Despite record surplus, Gov. Newsom wants new water, phone taxes

Gov. Gavin Newsom’s has called for a first-ever water tax and an added fee on phone bills at a time when the state is enjoying what recently departed state Legislative Analyst Mac Taylor called “extraordinary” budget health. Newsom said last week that experts now forecast a $21.5 billion budget windfall in 2019-20. Until recent years, the optics of asking the public to pay more with an overflowing budget would have seemed impossible to overcome.

Specific details have not yet emerged on Newsom’s plan, but it’s expected to be similar to a rejected 2018 proposal from state Sen. Bill Monning, D-Carmel, to tax residential customers 95 cents a month to help fund water improvements in rural farming communities in the Central Valley and throughout the state.

It would raise about $110 million to get clean water to what the McClatchy News Service estimated last year to be 360,000 people without such access. Others looking at the problem see it as much worse. Newsom said 1 million residents face health risks from their own water supplies.
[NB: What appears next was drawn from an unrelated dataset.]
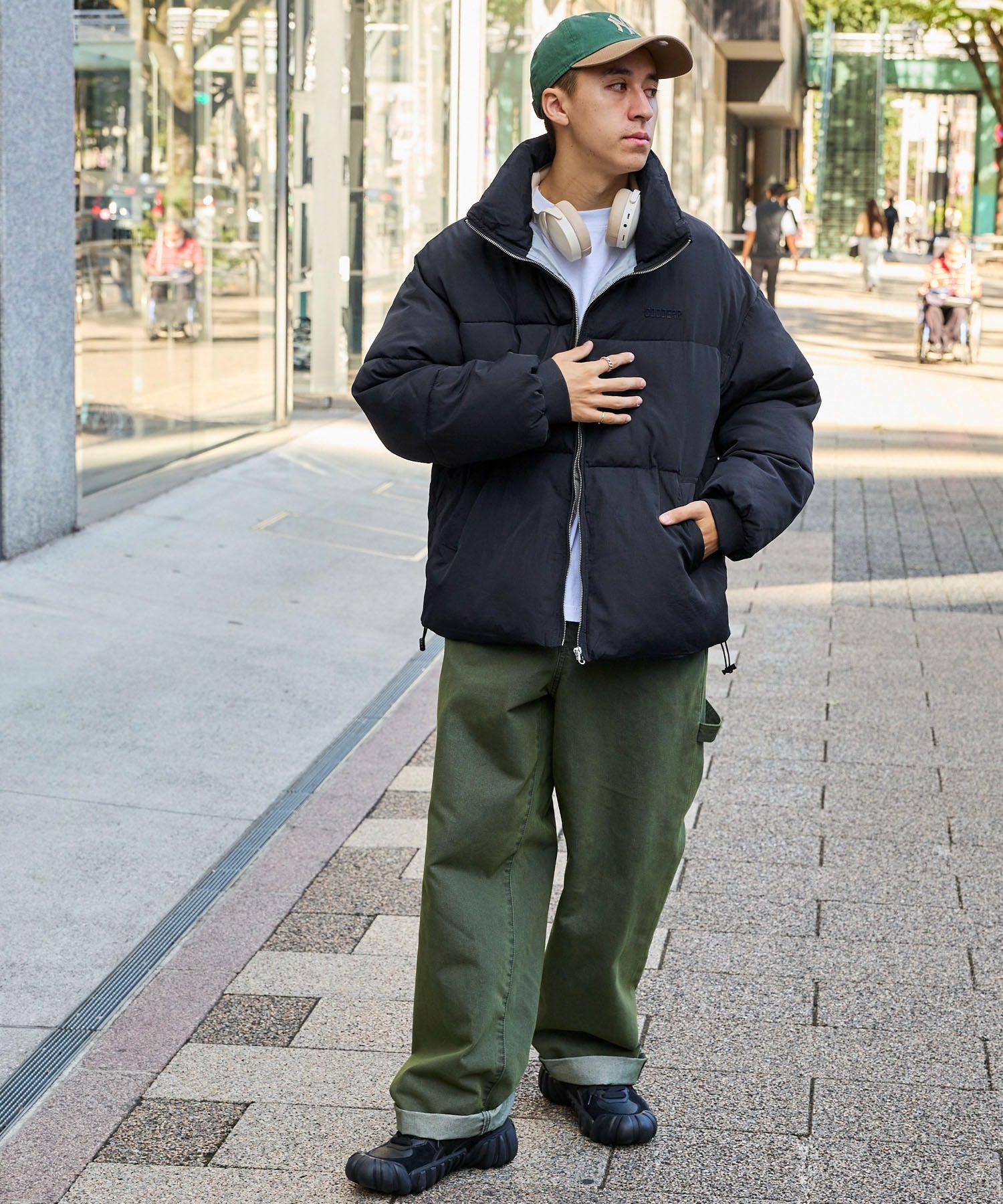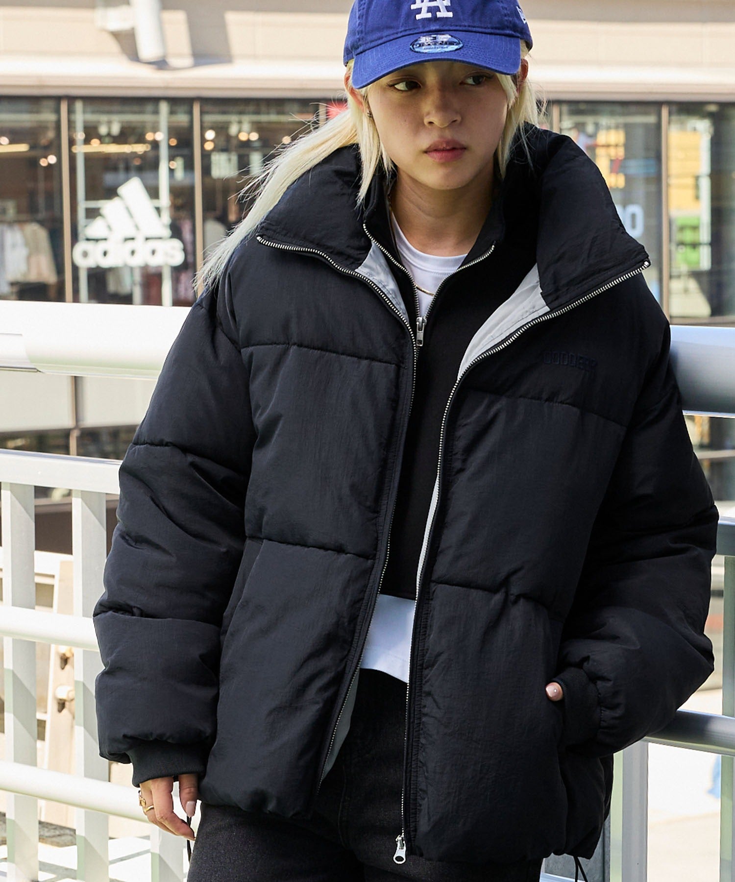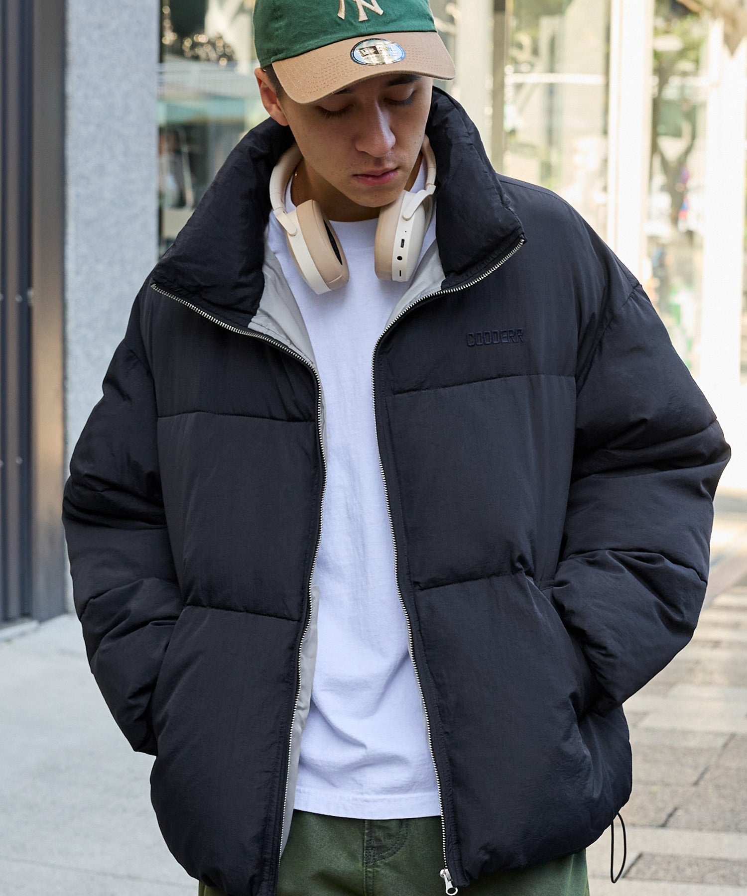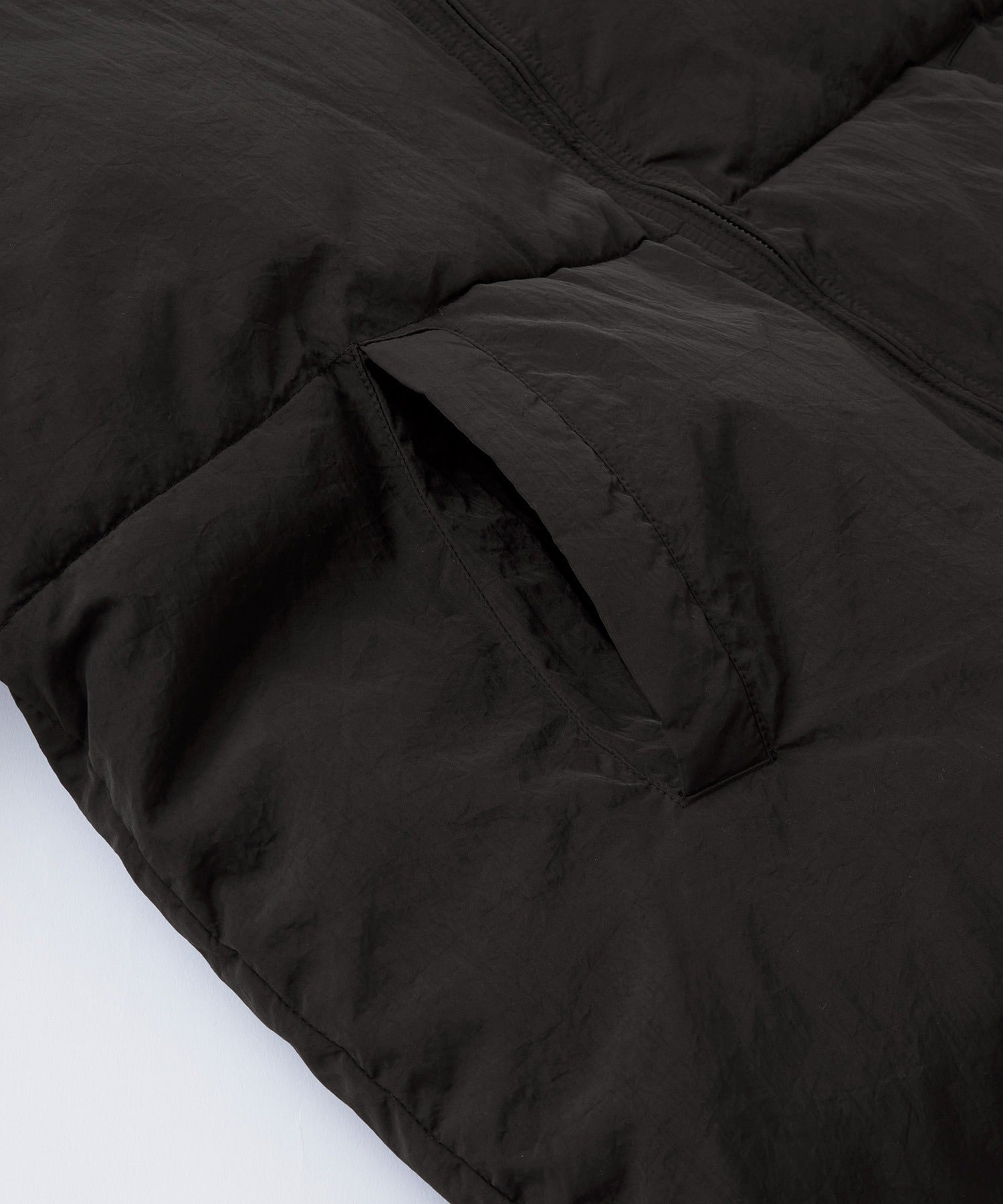 外層面料選用耐摩擦且具適度彈性的尼龍材質,高密度織造使其呈現沉穩的霧面質感,同時經過防潑水處理,可有效抵擋雨水與輕微污漬,讓清潔變得更加簡單,領口採用高領設計,內部填充如羽絨般溫暖且輕盈的中綿,保暖性極佳,領口柔軟舒適,提供舒適的穿著體驗與溫暖感。此外,兩側設有方便插手的口袋,衣擺則配有可調整輪廓的彈性抽繩,時尚的短版剪裁,搭配平衡感滿分,是一款男女皆可穿著的中性單品。

Newsom emphasized what a priority the water tax would be for him on Friday by taking his cabinet on a “surprise” tour of affected Central Valley communities.

The dairy industry would also face $30 million in new fees. The $140 million annually that Newsom hopes to get from his plan is dwarfed by money already available from a $7.5 billion 2014 state water bond. While the largest chunk of the bond – $2.7 billion – was reserved for water storage projects, one of its listed priorities for the remaining $4.8 billion was providing access to clean water.

Howard Jarvis Taxpayers Association President Jon Coupal saw Newsom’s water tax plan as part of a historical continuum. He told the Sacramento Bee it was only the latest example “of California’s knee-jerk reaction to default to a new tax whenever there’s a new problem.”

But Newsom depicted his 2019-20 budget as reflecting discipline, touting its emphasis on continuing to add to the state’s rainy day fund and his commitment to prepay some of CalPERS’ and CalSTRS’ unfunded long-term liabilities. Finance officials say every $1 billion prepaid now saves more than $2 billion in the long haul.

Governor cites urgent need to upgrade 911 system

Newsom also confirmed that he wants to add a 20- to 80-cent fee on monthly cellphone and landline bills to upgrade the 911 emergency notification system. That would take a two-thirds vote of the Legislature.

A similar proposal died late in the legislative session amid fears that it was a regressive tax that could cause headaches for incumbents on the November ballot.

But Newsom depicts the fee as a vital part of upgrading a 911 system that has outdated technology and is not up to the challenge of keeping safe a state facing devastating wildfires on a yearly basis.

The 911 fee was part of a larger wildfire-response program Newsom announced last week in the aftermath of last fall’s Camp fire in Butte County that killed at least 86 people and destroyed about 14,000 homes and the Woolsey Fire in Ventura and Los Angeles Counties that caused three deaths and torched 1,500 homes.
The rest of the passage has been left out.